Summary: Christmas Eve parable/sermon about an angel in waiting.

Now, you may think that angels never get the blues. It’s not true, of course. Kadel was feeling pretty glum about being the only one left in Angel Hall...You know, the place where the angels go to wait for their assignments.

Actually, Kadel’s shift started out with great excitement. As soon as he walked in the door he knew something was happening. Everyone was abuzz-- talking about the news. The Almighty himself was going to make a visit to the planet. Now, he had dropped in on the planet off and on over the years. Nothing, mind you, like when he used to walk though the garden with Adam and Eve. That was, however, a long time ago. And this was going to be something different. This was going to be "a visit without precedent," according to the memo that was posted on the board. Kadel, nor any of the others quite understood what that meant but it sounded like an extended visit. Everybody was excited.

Within a few minutes Pidar, the second sub-archangel and duty chief for the second shift, appeared with a list of angels for a choir assignment. Kadel sat on the edge of the chair waiting to hear his name. He had a beautiful tenor voice and he loved to sing. He loved the offering of praise before the Almighty. There was nothing he’d rather do than sing.

It was a long list. As a matter of fact it included everyone on the second shift--everyone except Kadel. Perhaps it was an oversight. Kadel stood up and started over to Pidar. But Pidar was busy assembling the choir on the far end of the hall for a rehearsal. Besides Kadel reasoned, "No one around here ever makes mistakes anyway." He took his seat and listened as the choir warmed up. "Glory to God in the highest heaven. Peace on earth to all who please him."

It was so beautiful. Kadel slouched in his seat as the angelic choir filed out the door. He was the only angel left in the entire huge hall. Everyone else was out singing praise to the Almighty and he just had to sit and wait. That’s why Kadel was blue.

He flipped on the television and watched the single channel which was forever broadcasting the ongoing service of praise in the throne room. Cherubim and Seraphim surrounded the throne as the twenty-four elders dressed in white chanted "You are worthy, our Lord and God, to receive glory and honor and power, for you created all things and by your will they existed and were created."

Usually a few seconds of holy praise was enough to lift Kadel’s spirits. Praise does that. But this evening all he could think about was the choir down on earth praising the Almighty while he was sitting in heaven on a hard plastic seat. All he could do was watch on television. It’s just not the same as doing it yourself.

A few minutes later a dispatcher, a glorified human, opened the great hall doors and walked toward the dispirited angel. Kadel "I have an assignment for you," he announced. Kadel jumped up and stood at attention--of course, he was hoping that he’d get to join the choir. Perhaps his would be the solo part. That’s probably why he didn’t need to be a part of the group rehearsal.

But he could tell from the dispatcher’s gray duty sheet that it wasn’t a musical assignment at all. Musical assignments came on green sheets. Grey sheets were used for utility assignments. "Great," Kadel thought to himself, "Everyone else is out singing praises to the Almighty and I’m going off to move a river or realign a planet." Kadel took the sheet and began to read.

His task was to "Ignite an obscure star which hangs at 31 degrees north and 35 degrees east, right over Bethlehem on the planet. It’s a class S--that is, spectacular star which the Almighty had apparently hung at creation but had never lit.

"Why now?" he thought. "This star has been sitting idle for millenniums. Is it really such a rush to ignite it tonight? Maybe while I’m down there I could slip in to the back of the choir and then slip back out and go take care of the star on the way home."

But he squelched that temptation as he realized he’d never enjoy singing under such stealth conditions.

"Oh," he sighed, as he walked to the locker. "Who am I to wonder why, I can’t even make the choir."

He cheered himself up with the thought that while it wasn’t a musical assignment at least he wasn’t going to be sitting in the hall all night.
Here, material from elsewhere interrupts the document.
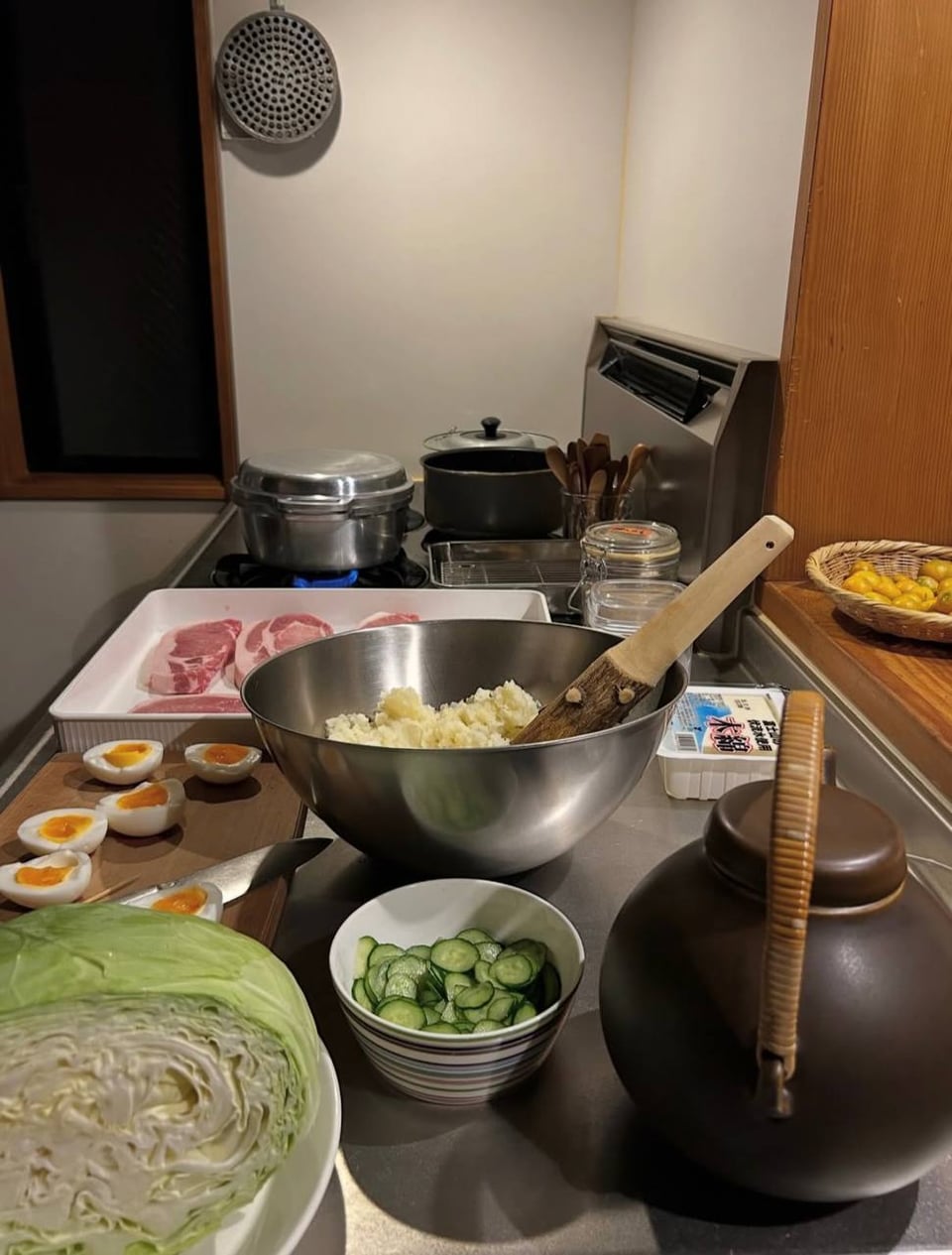 Let me just whip some egg salad, some chicken salad, and some Katsu. Basically makes itself.

At least he’d be out doing something for the Almighty. And maybe, just maybe he’d finish the job in time to catch the end of the angelic chorus or maybe he’d even get to see the Almighty making his entrance on the planet.

He began to imagine the eternal light parade. Thunder, lightening, rays of glory, crisscrossing rainbows, backed up with the angelic chorus. Human dignitaries lined up, falling and bowing as the Almighty passed.

But his daydreamed ended abruptly when a pragmatic thought crossed his mind, "I wonder whose doing the light show in the parade?" He couldn’t recall anyone else getting a gray. But he didn’t really have time to keep track of everyone in the heavenly bureaucracy.

Besides, in spite of the fact that he lived in heaven, he could never get a full perspective on what the Almighty was doing. God was just too big to comprehend--even for an angel.

Kadel grabbed his tools from the locker and walked out the door. Sure, he was a little blue, but he couldn’t help singing along the way. "Glory to God in the highest heaven. Peace on earth to all who please him."